# What is needed
Set down, unchanged, the line holding "100 187 62˚" and all lines that follow it to the end of the material, leaving pictures out.

# Information shown
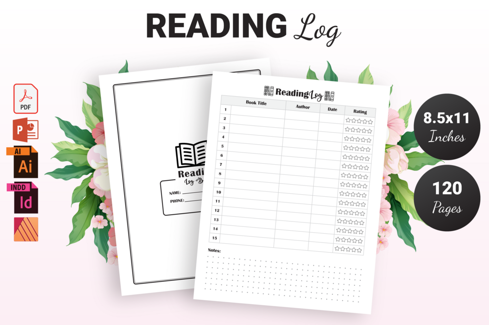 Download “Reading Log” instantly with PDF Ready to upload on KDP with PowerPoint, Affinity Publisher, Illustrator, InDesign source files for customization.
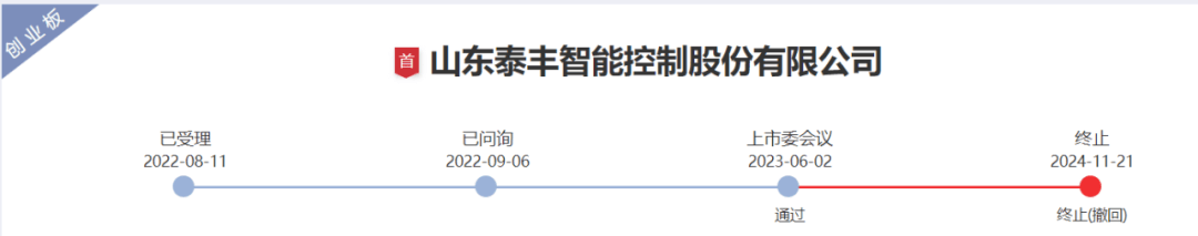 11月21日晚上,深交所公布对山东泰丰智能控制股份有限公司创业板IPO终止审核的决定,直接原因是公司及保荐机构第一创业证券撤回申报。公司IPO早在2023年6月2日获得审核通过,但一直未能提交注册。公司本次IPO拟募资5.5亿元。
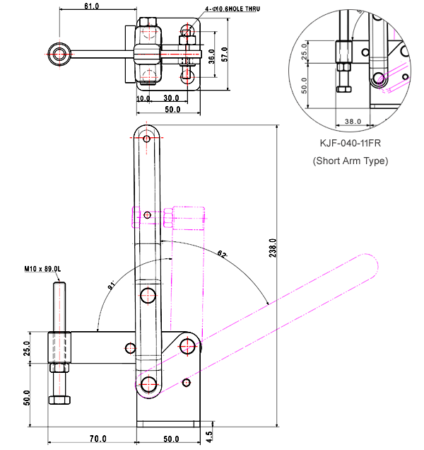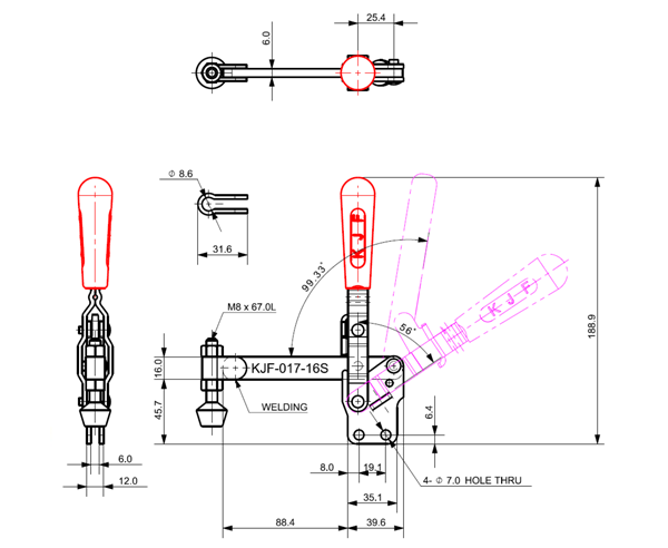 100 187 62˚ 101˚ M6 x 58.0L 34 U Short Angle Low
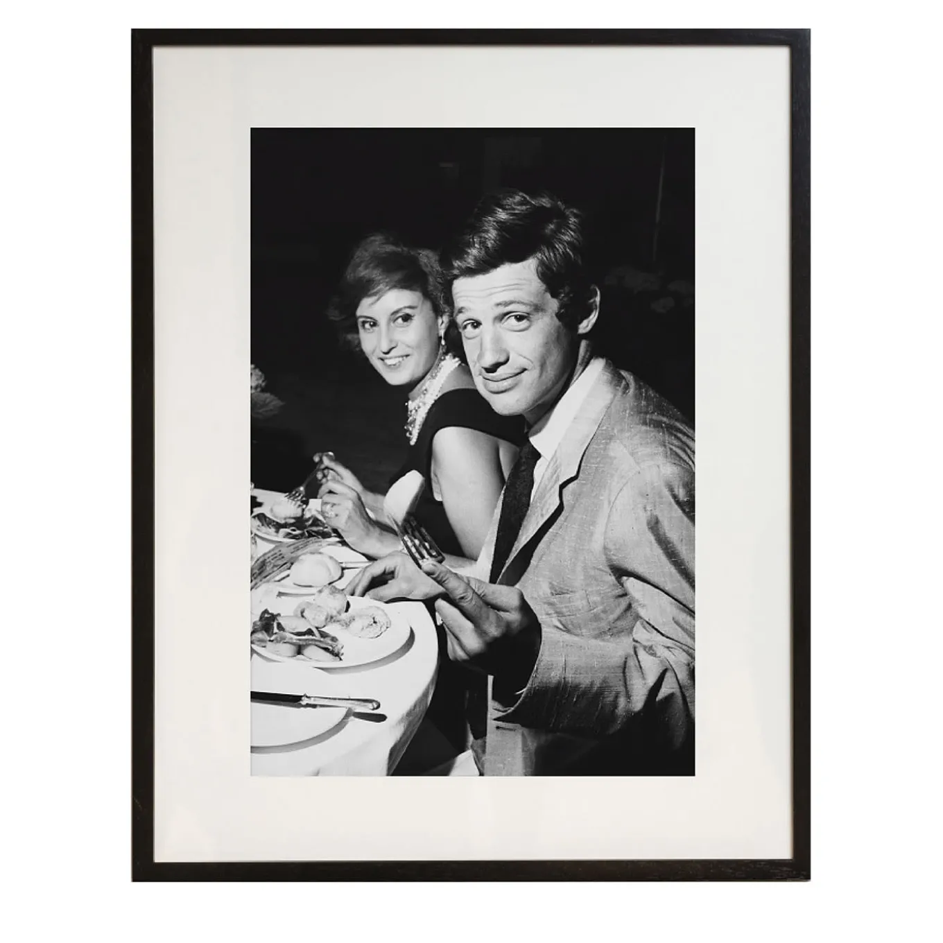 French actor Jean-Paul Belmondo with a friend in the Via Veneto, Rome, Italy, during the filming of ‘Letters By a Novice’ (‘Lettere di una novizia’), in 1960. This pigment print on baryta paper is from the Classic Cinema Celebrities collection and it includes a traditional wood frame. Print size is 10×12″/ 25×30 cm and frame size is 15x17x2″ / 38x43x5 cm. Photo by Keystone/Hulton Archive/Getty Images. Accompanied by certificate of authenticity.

# Exercise answer
 100 187 62˚ 101˚ M6 x 58.0L 34 U Short Angle Low
 French actor Jean-Paul Belmondo with a friend in the Via Veneto, Rome, Italy, during the filming of ‘Letters By a Novice’ (‘Lettere di una novizia’), in 1960. This pigment print on baryta paper is from the Classic Cinema Celebrities collection and it includes a traditional wood frame. Print size is 10×12″/ 25×30 cm and frame size is 15x17x2″ / 38x43x5 cm. Photo by Keystone/Hulton Archive/Getty Images. Accompanied by certificate of authenticity.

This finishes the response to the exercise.